> What to produce
For this exercise, reproduce the records exactly as they stand and do not carry any images over.

> Provided data
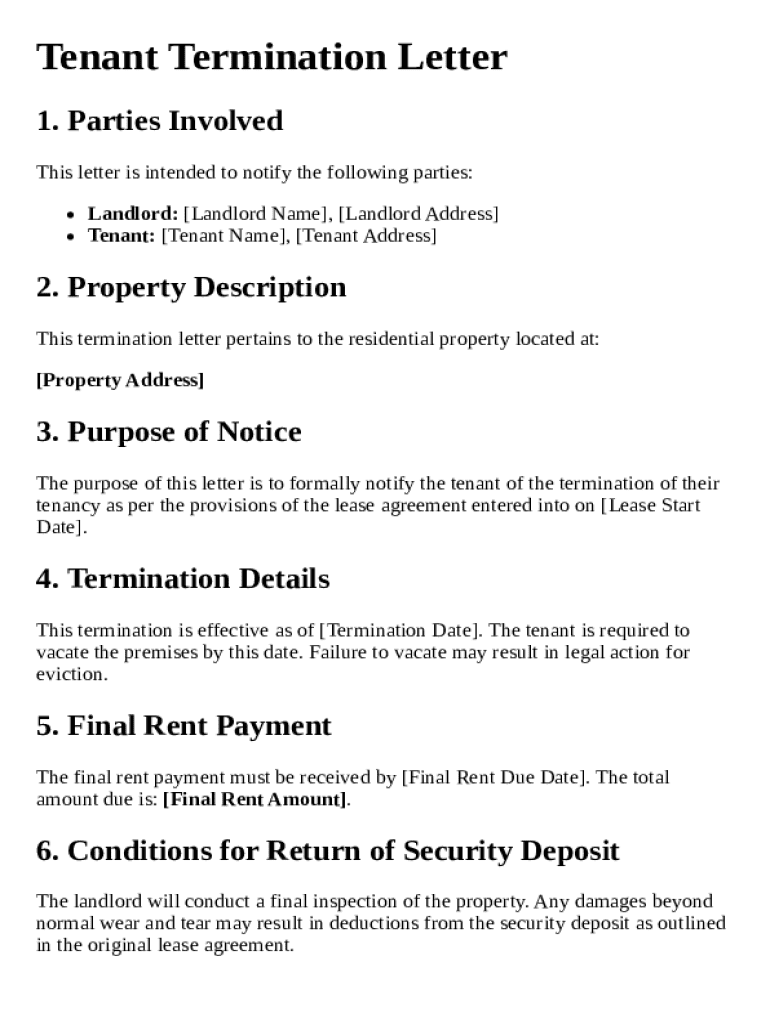 A tenant termination letter is a formal notice that indicates an intention to terminate a rental agreement. It is crucial for documenting the end of tenancy and ensuring all parties are informed. There are distinct differences between termination letters for landlords and tenants, particularly in the legal language and obligations required.
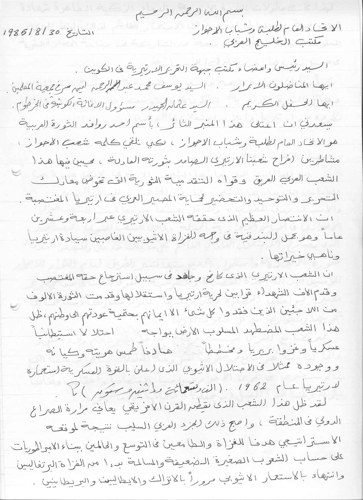 وثيقة رقم 4 : نص رسالة الأحواز في احدى احتفالات
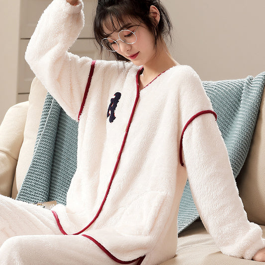 New Flannel Pajamas Women's Long Sleeve Fleece-lined Cartoon
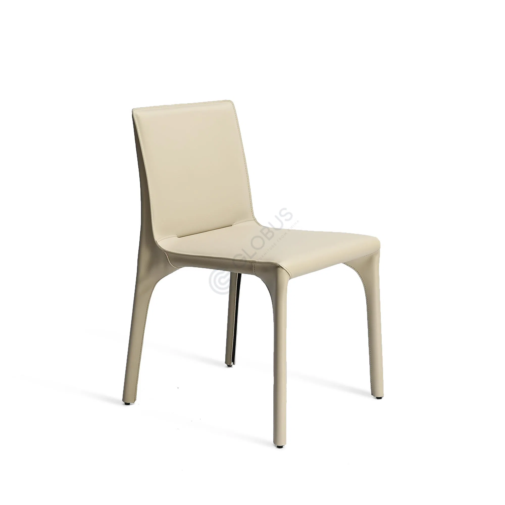 Обивка из шорно-седельной кожи обволакивает сиденье и спинку, даря приятное ощущение мягкости и благородства. Этот материал отличается исключительной долговечностью и со временем лишь приобретает более глубокую, уникальную патину, подчеркивая свой премиальный статус. Основание стула, выполненное из прочной нержавеющей стали, обеспечивает превосходную устойчивость, а его сияющая поверхность добавляет современный штрих, создавая гармоничный контраст с теплой текстурой кожи.
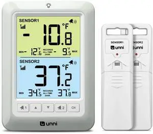 U UNNI Refrigerator Thermometer with Alarm, Digital Wireless Fridge and Freezer Thermometer, Max Min Temperature Records with Magnetic & Stand Options for Home Restaurant
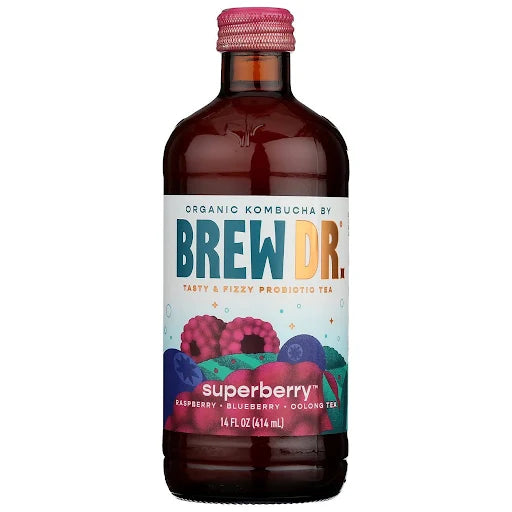 - Brew Dr. Kombucha Superberry Kombucha is a light and fruity mix of raspberry, blueberry, goji berry with hibiscus and oolong tea.
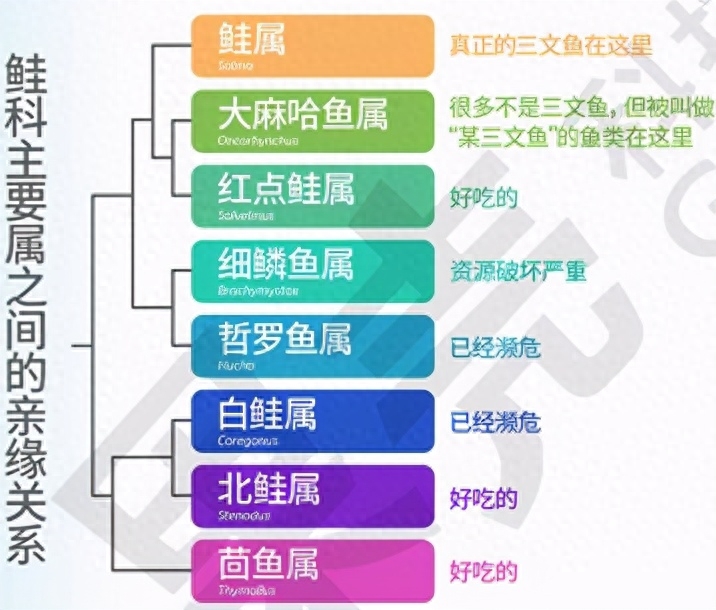 鲑科鲑亚科主要有鳟/鲑属(大西洋鲑)、太平洋鲑(大马哈鱼)属等。 鳟/鲑属(大西洋鲑)也就是正宗的三文鱼,主要吃肉(生鱼片),肉里没小刺,还有鱼籽酱(红色)。大粒不贵,目前已经人工养殖了,人造咸水养殖,驯化淡水养殖也有,冷水鱼不好养,设施超级贵,水质要求极高。
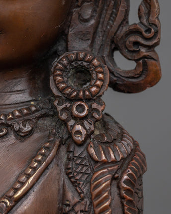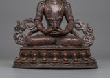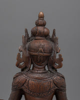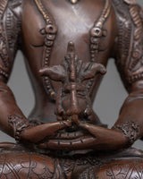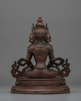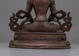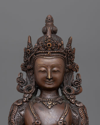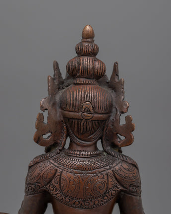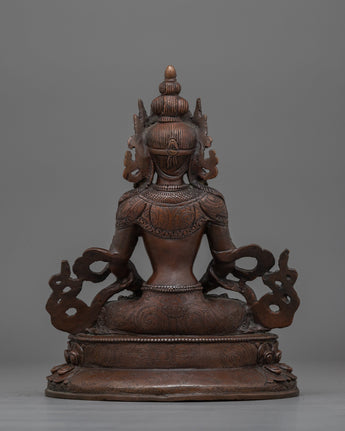 This handcrafted Buddhist art piece, measuring 9.1 inches in height and 7.1 inches in base, is the perfect symbol of longevity and compassion. Made from oxidized copper, this piece weighs 1.67 kg and serves as a beautiful addition to any home or meditation space. Experience the serenity and beauty of this piece.
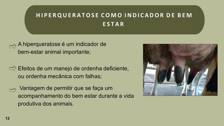 A hiperqueratose do canal dos tetos pode-se considerar como um indicador de bem-estar animal, face aos efeitos produzidos por um maneio de ordenha deficiente, ou ordenha mecânica com falhas (Sousa, 2008).

> Answer to this problem
 A tenant termination letter is a formal notice that indicates an intention to terminate a rental agreement. It is crucial for documenting the end of tenancy and ensuring all parties are informed. There are distinct differences between termination letters for landlords and tenants, particularly in the legal language and obligations required.
 وثيقة رقم 4 : نص رسالة الأحواز في احدى احتفالات
 New Flannel Pajamas Women's Long Sleeve Fleece-lined Cartoon
 Обивка из шорно-седельной кожи обволакивает сиденье и спинку, даря приятное ощущение мягкости и благородства. Этот материал отличается исключительной долговечностью и со временем лишь приобретает более глубокую, уникальную патину, подчеркивая свой премиальный статус. Основание стула, выполненное из прочной нержавеющей стали, обеспечивает превосходную устойчивость, а его сияющая поверхность добавляет современный штрих, создавая гармоничный контраст с теплой текстурой кожи.
 U UNNI Refrigerator Thermometer with Alarm, Digital Wireless Fridge and Freezer Thermometer, Max Min Temperature Records with Magnetic & Stand Options for Home Restaurant
 - Brew Dr. Kombucha Superberry Kombucha is a light and fruity mix of raspberry, blueberry, goji berry with hibiscus and oolong tea.
 鲑科鲑亚科主要有鳟/鲑属(大西洋鲑)、太平洋鲑(大马哈鱼)属等。 鳟/鲑属(大西洋鲑)也就是正宗的三文鱼,主要吃肉(生鱼片),肉里没小刺,还有鱼籽酱(红色)。大粒不贵,目前已经人工养殖了,人造咸水养殖,驯化淡水养殖也有,冷水鱼不好养,设施超级贵,水质要求极高。
 This handcrafted Buddhist art piece, measuring 9.1 inches in height and 7.1 inches in base, is the perfect symbol of longevity and compassion. Made from oxidized copper, this piece weighs 1.67 kg and serves as a beautiful addition to any home or meditation space. Experience the serenity and beauty of this piece.
 A hiperqueratose do canal dos tetos pode-se considerar como um indicador de bem-estar animal, face aos efeitos produzidos por um maneio de ordenha deficiente, ou ordenha mecânica com falhas (Sousa, 2008).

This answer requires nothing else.